_WHAT TO DO_.
Return the data word for word. Pictures are to be omitted.

Stored items from a collection:

--------------------

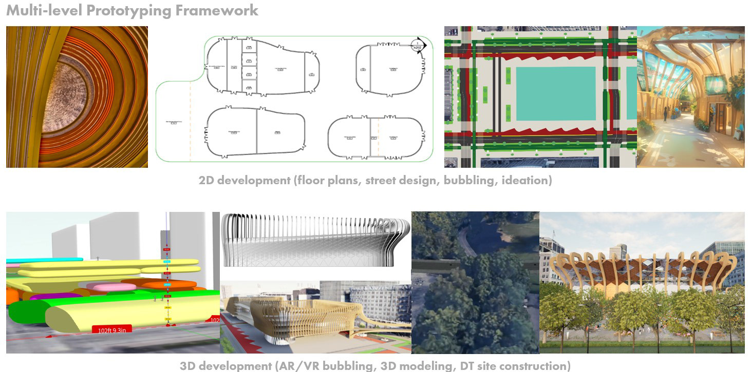 To refine scale, proportion, and spatial interaction, collaborative AR and VR bubble exercises were conducted in Gravity Sketch, allowing teams to evaluate designs from a human perspective before committing to detailed development. Concepts were further contextualized using local data sets, including land use, mobility patterns, and demographic information, and iteratively validated through research feedback. This approach ensured that each hub concept remained grounded in stakeholder needs, future scenarios, and real world constraints while supporting flexibility and scalability across contexts.
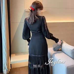 ワンピース ドレス Vネック 切替 プリーツ レーシー 肌透け 2色 ♪ (M6101)ζ☆
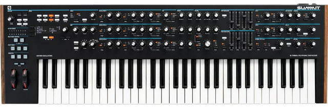 The best sounding synthesiser Novation has ever made Summit doubles the power of Peak's digital New Oxford Oscillators up to 16 voices and two parts, and adds a wealth of new features and a premium-quality five-octave keyboard. A synth much greater than the sum of its parts, it gives the serious producer or performer everything they need to design and play stunning basses, leads, arps, pads, effects and beyond.
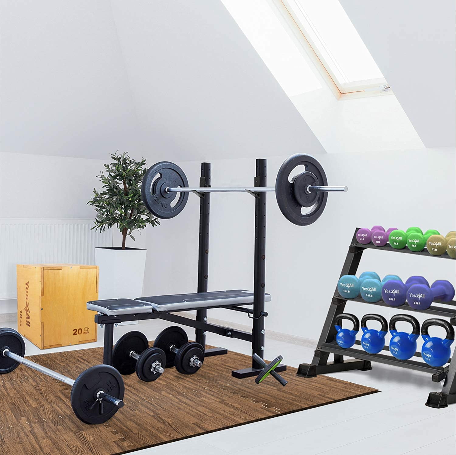 12 TILES COVER 48 SQ. FT: Include 12 tiles. Each tile measures 24”L x 24”W x 7/16”thick – Thick from the highest point of the texture DURABLE & NON SLIP: The non-skid textured & shock-absorbing surface provides a soft feeling when exercising on, best for comfortable workout area – a combination of high-density EVA foam mat & exercise mat for excellent support and cushion EASY 5 MINUTE ASSEMBLY: Lightweight puzzle pieces can be connected and disassembled easily in less than 5 minutes. Great for home gym, fitness gym, garages coverage or children’s play areas PROTECTIVE WORKOUT FLOORING: Give yourself shock-absorbing comfort when doing Yoga, Pilates, or weightlifting. Yes4All Interlocking Mats can also be used to create a soft & anti-slip floor while camping or playing EASY TO CLEAN: The water-resistant & noise-reducing design is easy to clean. The moisture-resistant technology & high-quality material make the mat easy to wash with soap & water
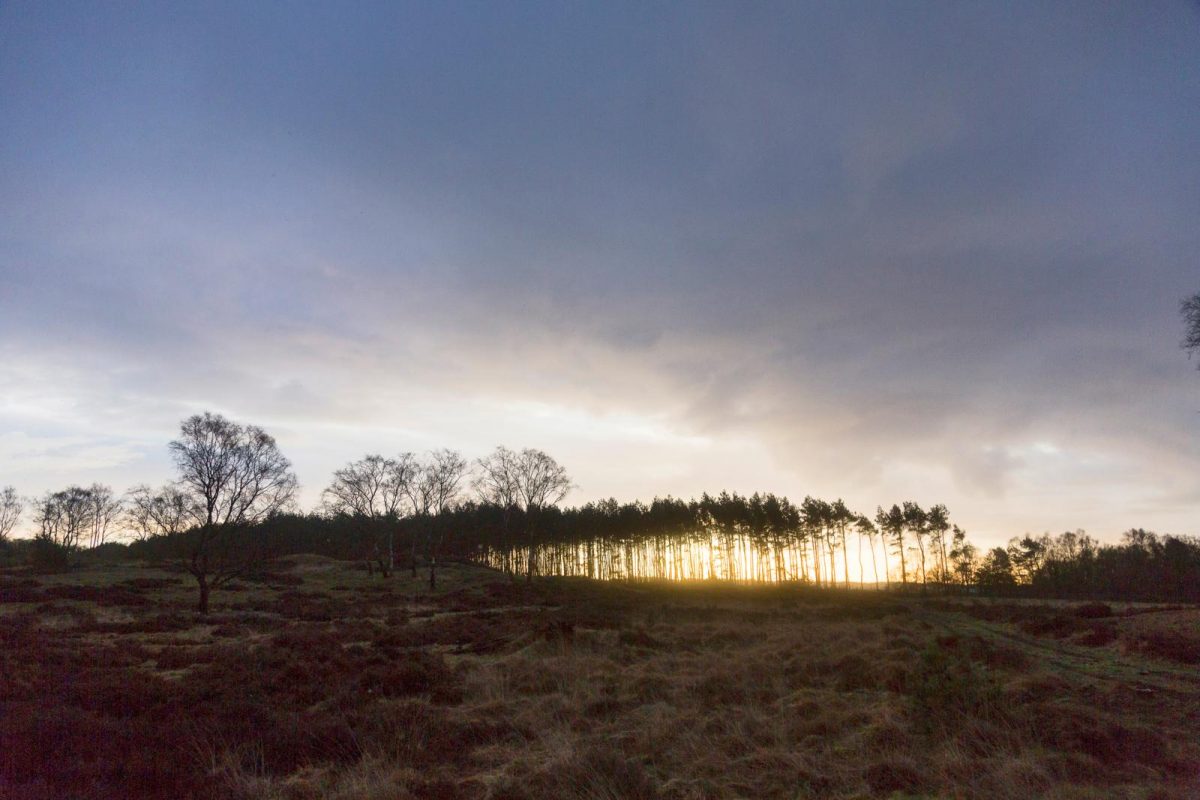 We zijn in Het Nationale Park De Hoge Veluwe, één van de twee officiële leefgebieden van het wilde zwijn, hoewel er nog wel wat illegale groepen her en der in Nederland voorkomen. Een paar uur eerder zaten we nog in het donker koffie te drinken rond een kampvuur om de stramme en koude ledematen wat op te warmen. Eén keer per jaar organiseert het Park een tweedaagse winterkampeer-safari en het mag dan ook bijzonder heten dat wij daar bij mochten zijn. De overnachting vond plaats in een hooischuur die – zoals gebruikelijk – aan de bovenkant open is, en ondanks het hooi waarin we lagen en de warme slaapzakken was het een koude nacht met vorst geweest.
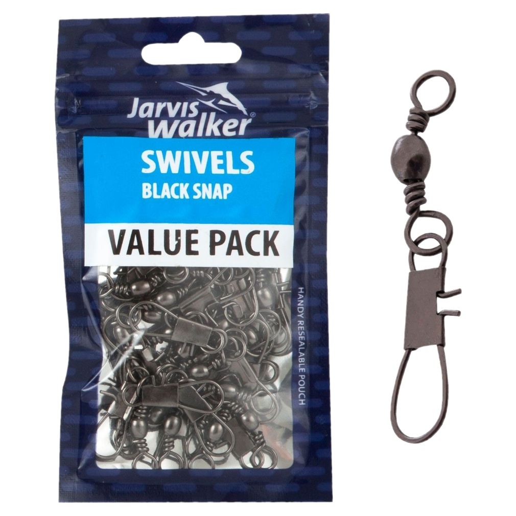 1 Packet of Jarvis Walker Black Barrel Swivels With Snaps - Fishing Swivels
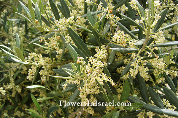 گل زیتون دارای چهار گلبرگ و دوپرچم است و گل آذین آن خوشهای است. جوانه گل روی شاخه همان سال ظاهر میشود ولی میوه زیتون روی شاخه سال قبل قرار دارد.
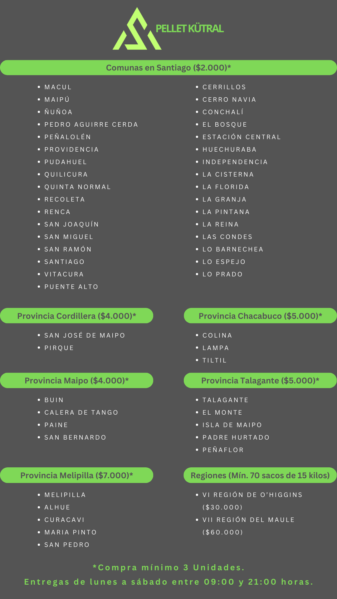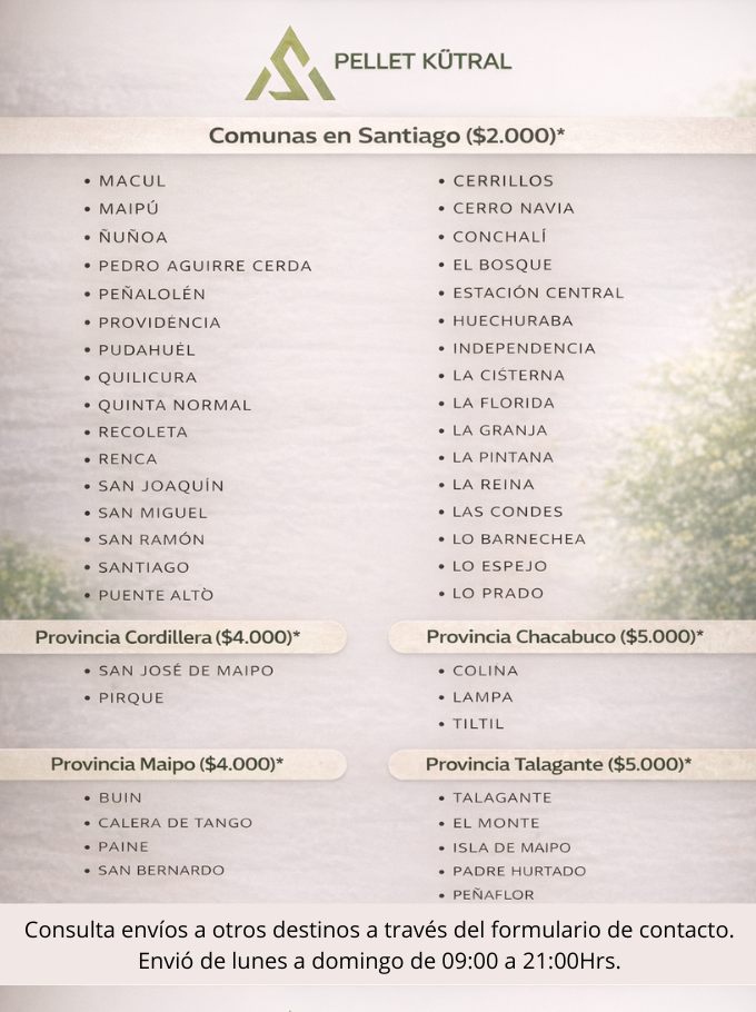 El costo de envío para 33 comunas de la Región Metropolitana es de solo $2.000, facilitando que más hogares puedan acceder a un producto de calidad sin costos excesivos de despacho. En PelletKutral, tu compra llega a tiempo y con la confianza que mereces.
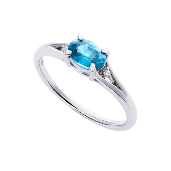 ブルージルコン(天然石) オーバルカット 約5.5mm×3.5mm 1石 0.5ctUPダイヤモンド 2石 合計0.01ct

--------------------

_RESPONSE TO THIS TASK_.
 To refine scale, proportion, and spatial interaction, collaborative AR and VR bubble exercises were conducted in Gravity Sketch, allowing teams to evaluate designs from a human perspective before committing to detailed development. Concepts were further contextualized using local data sets, including land use, mobility patterns, and demographic information, and iteratively validated through research feedback. This approach ensured that each hub concept remained grounded in stakeholder needs, future scenarios, and real world constraints while supporting flexibility and scalability across contexts.
 ワンピース ドレス Vネック 切替 プリーツ レーシー 肌透け 2色 ♪ (M6101)ζ☆
 The best sounding synthesiser Novation has ever made Summit doubles the power of Peak's digital New Oxford Oscillators up to 16 voices and two parts, and adds a wealth of new features and a premium-quality five-octave keyboard. A synth much greater than the sum of its parts, it gives the serious producer or performer everything they need to design and play stunning basses, leads, arps, pads, effects and beyond.
 12 TILES COVER 48 SQ. FT: Include 12 tiles. Each tile measures 24”L x 24”W x 7/16”thick – Thick from the highest point of the texture DURABLE & NON SLIP: The non-skid textured & shock-absorbing surface provides a soft feeling when exercising on, best for comfortable workout area – a combination of high-density EVA foam mat & exercise mat for excellent support and cushion EASY 5 MINUTE ASSEMBLY: Lightweight puzzle pieces can be connected and disassembled easily in less than 5 minutes. Great for home gym, fitness gym, garages coverage or children’s play areas PROTECTIVE WORKOUT FLOORING: Give yourself shock-absorbing comfort when doing Yoga, Pilates, or weightlifting. Yes4All Interlocking Mats can also be used to create a soft & anti-slip floor while camping or playing EASY TO CLEAN: The water-resistant & noise-reducing design is easy to clean. The moisture-resistant technology & high-quality material make the mat easy to wash with soap & water
 We zijn in Het Nationale Park De Hoge Veluwe, één van de twee officiële leefgebieden van het wilde zwijn, hoewel er nog wel wat illegale groepen her en der in Nederland voorkomen. Een paar uur eerder zaten we nog in het donker koffie te drinken rond een kampvuur om de stramme en koude ledematen wat op te warmen. Eén keer per jaar organiseert het Park een tweedaagse winterkampeer-safari en het mag dan ook bijzonder heten dat wij daar bij mochten zijn. De overnachting vond plaats in een hooischuur die – zoals gebruikelijk – aan de bovenkant open is, en ondanks het hooi waarin we lagen en de warme slaapzakken was het een koude nacht met vorst geweest.
 1 Packet of Jarvis Walker Black Barrel Swivels With Snaps - Fishing Swivels
 گل زیتون دارای چهار گلبرگ و دوپرچم است و گل آذین آن خوشهای است. جوانه گل روی شاخه همان سال ظاهر میشود ولی میوه زیتون روی شاخه سال قبل قرار دارد.
 El costo de envío para 33 comunas de la Región Metropolitana es de solo $2.000, facilitando que más hogares puedan acceder a un producto de calidad sin costos excesivos de despacho. En PelletKutral, tu compra llega a tiempo y con la confianza que mereces.
 ブルージルコン(天然石) オーバルカット 約5.5mm×3.5mm 1石 0.5ctUPダイヤモンド 2石 合計0.01ct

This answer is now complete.